This is My CSU!
November 2006 - Sarah Smith
Senior, Environmental Health
African Internship - Experience of a Lifetime
When Sarah Smith was in South Africa this summer working as an intern for the Cape Leopard Trust, she frequently sent back e-mails to family and friends detailing her daily experiences.
UDPATE: Sarah Named to Academic All-USA Team
Once a year, USA TODAY honors up to 60 outstanding college students from colleges across the United States. Sarah was one of those selected from over 600 nominees. [more]
Of course, a few experiences she wisely decided not to tell her family about until she was safely home. Like the close encounter with a black spitting cobra or the attack by a troop of baboons. Some things are better left unsaid, especially where worried parents are involved.
Even with what some would consider a few near-death experiences, Smith’s educational experience was beyond what she imagined it could be when she first e-mailed the Cape Leopard Trust inquiring about possible projects they may have for an intern.
"I needed an internship in epidemiology and was interested in going to another country, especially somewhere in Africa," said Smith. "I did some research and sent out a bunch of e-mails to organizations that I thought might have something for me. I gave a synopsis of environmental health and my interests. Cape Leopard Trust in South Africa got back to me right away and said they’d come up with a project for me to work on and get back in touch. I was very excited because, looking at their Web site, they did a lot with research and education."
Smith’s project was a study to determine why one of the leopard’s main prey species, the rock hyrax (known locally as a dassie), was dying off. Smith made arrangements for her 10-week internship. Erin Reichert, Undergraduate Education Coordinator and Advisor for Environmental Health, worked closely with the director of the Cape Leopard Trust to ensure all went well and soon Smith was settled in at the Cape Leopard Trust’s research station in the Cederberg Mountains, four hours northeast of Cape Town.
The rugged, mountainous Cederberg Wilderness Area lies 200km north of Cape Town, South Africa.
Her days were spent hiking on rough terrain setting and checking traps for the dassies, as well as working with a leopard capture team. During her time there, the team captured three leopards which where then sampled and radio-collared. The dassie project, however, was not going as well. The leopards, elusive and rare, she got to experience firsthand. Dassies, hanging out on rocks and common, proved to be the more difficult quarry.
An unexpected challenge
"The traps didn’t really work and I had not caught a single dassie," said Smith. "The people there began to feel bad for me, so they collected two dassies using what’s nicely called destructive sampling. I was really conflicted, but when I performed a necropsy on the first specimen, a pregnant female, it was amazing. She had abscesses throughout her body and appeared to be suffering from a very virulent strain of tuberculosis. It’s likely she would have died before giving birth."
Rock dassies, despite looking like oversized prairie dogs, are actually the closest relative to elephants.
Tuberculosis in rock hyrax had only been written about in medical journals once before, and that was in a captive zoo population. The disease had never been documented in a wild population before. Smith feels she may have the answer to the question of what is killing the dassies, but results from pathology tests are still in process. Her hypothesis is that because females are immunecompromised when pregnant, the tuberculosis can run unchecked and become systemic, where it would normally not be such a big problem. If pregnant females are dying, that would at least in part explain the population die-off.

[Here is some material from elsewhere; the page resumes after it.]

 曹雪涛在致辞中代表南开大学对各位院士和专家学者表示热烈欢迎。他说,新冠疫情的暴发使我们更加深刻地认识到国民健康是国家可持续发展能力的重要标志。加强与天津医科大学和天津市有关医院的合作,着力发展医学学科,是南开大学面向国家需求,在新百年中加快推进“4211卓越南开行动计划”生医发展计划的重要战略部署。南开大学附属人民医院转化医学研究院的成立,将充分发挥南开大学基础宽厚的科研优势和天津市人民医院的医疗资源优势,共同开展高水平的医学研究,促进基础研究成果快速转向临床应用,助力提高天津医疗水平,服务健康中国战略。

Rock dassies, despite looking like oversized prairie dogs, are actually the closest relative to elephants, and have gestation periods of seven months meaning the loss of a pregnant female is a major blow to the population. Smith eventually plans to publish a paper and hopes to one day continue her work in South Africa.
Planning for the future
"My internship really cemented for me my desire to go into epidemiology, the only problem now is that because of the internship, I have to make some very tough choices," Smith said. The Cape Leopard Trust would like to have Smith continue her work with the dassies, and use it for a master’s thesis. She also has a job offer from a gorilla research organization in Gabon. But Smith has applied to veterinary school, and would like to complete her veterinary degree before returning to Africa to work again.

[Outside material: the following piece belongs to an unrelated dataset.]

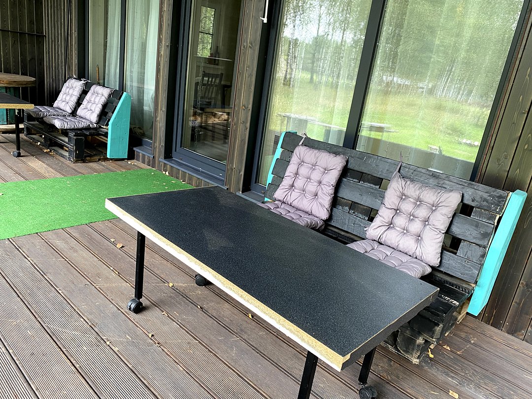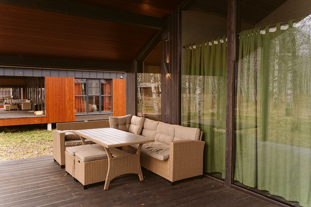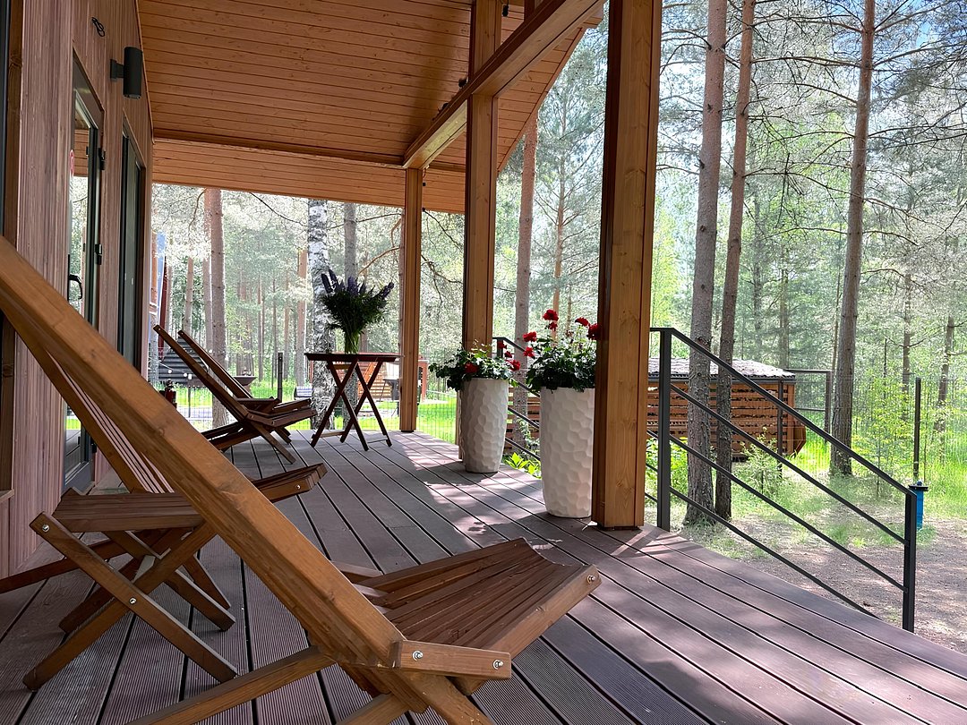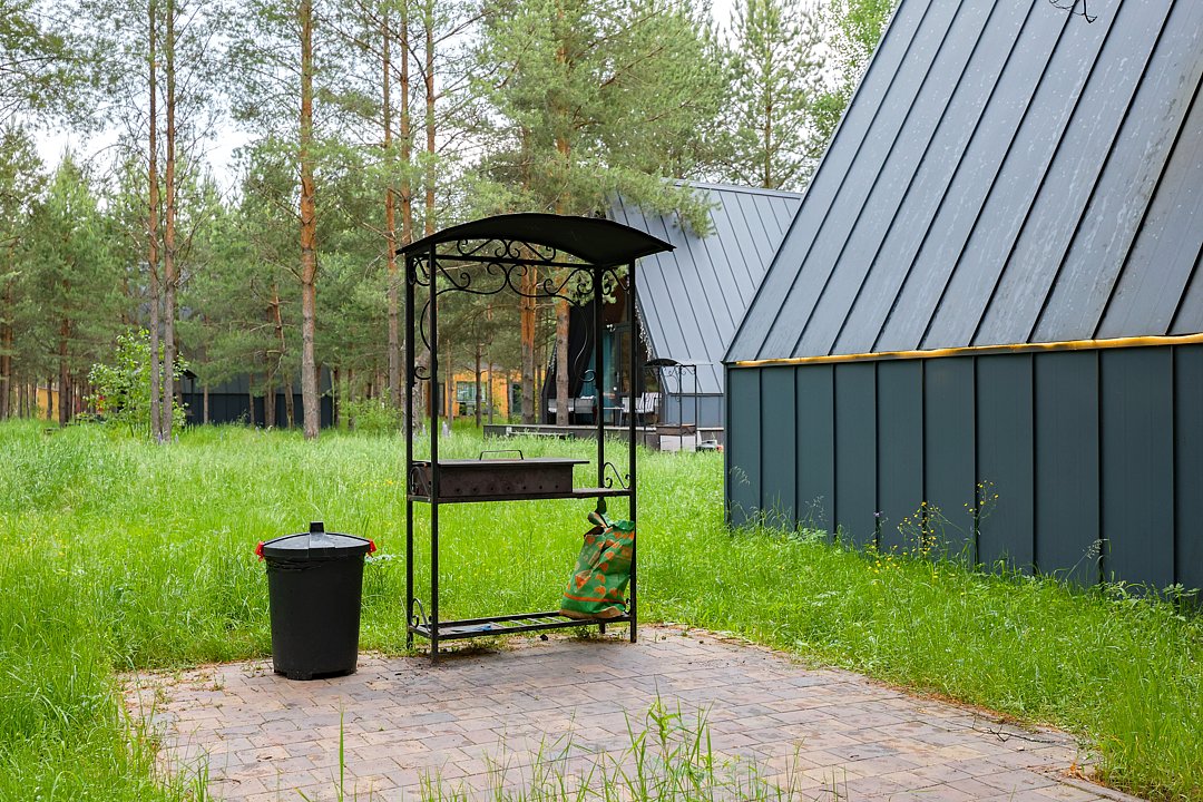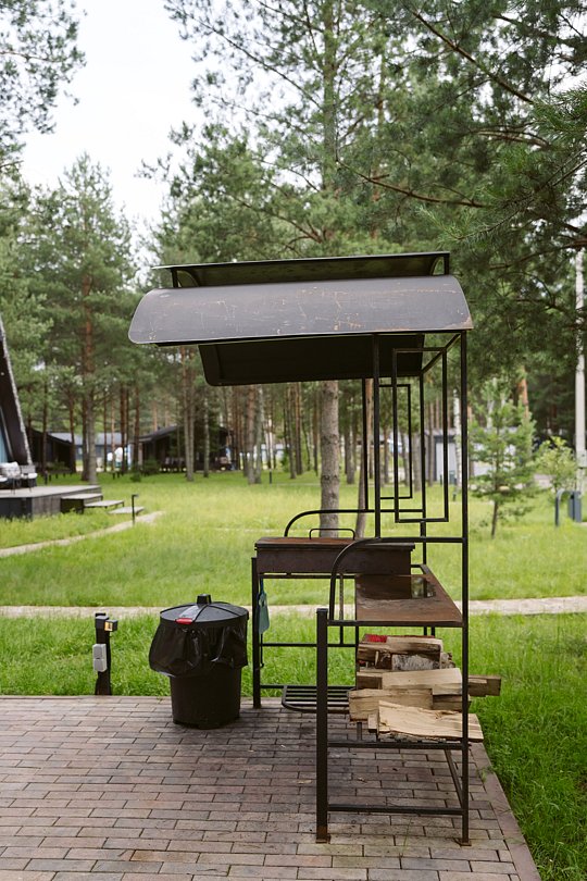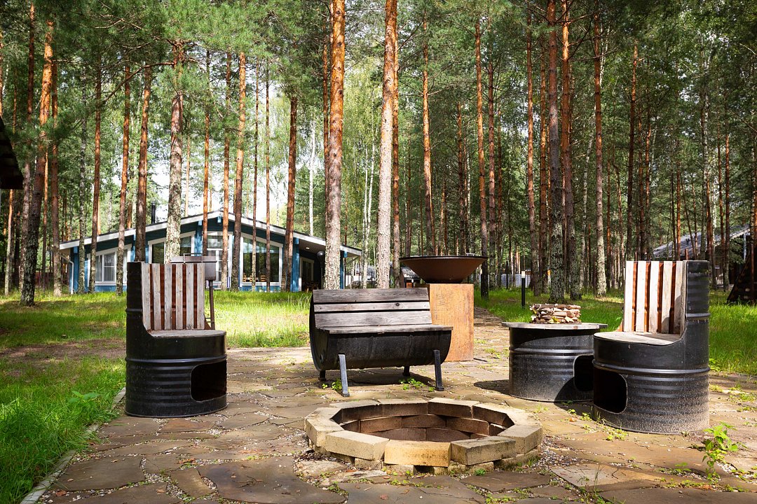 — большая терраса с уличной мебелью и индивидуальная мангальная зона в лесу;

"My experience there was so amazing; I get homesick for Africa and can’t wait to go back again."
"My experience there was so amazing; I get homesick for Africa and can’t wait to go back again," Smith said. "But I would like to return as a veterinarian, when I would be able to do so much more. There is only one veterinary school in all of South Africa, and very few veterinarians. They are paid so poorly that many move to Canada to practice there."
So, for now, the Dassie Girl, as Smith was known to the locals, will hope to be admitted to veterinary school, complete her degree, and return to Africa with new skills and abilities. The spitting cobras and baboons will just have to wait.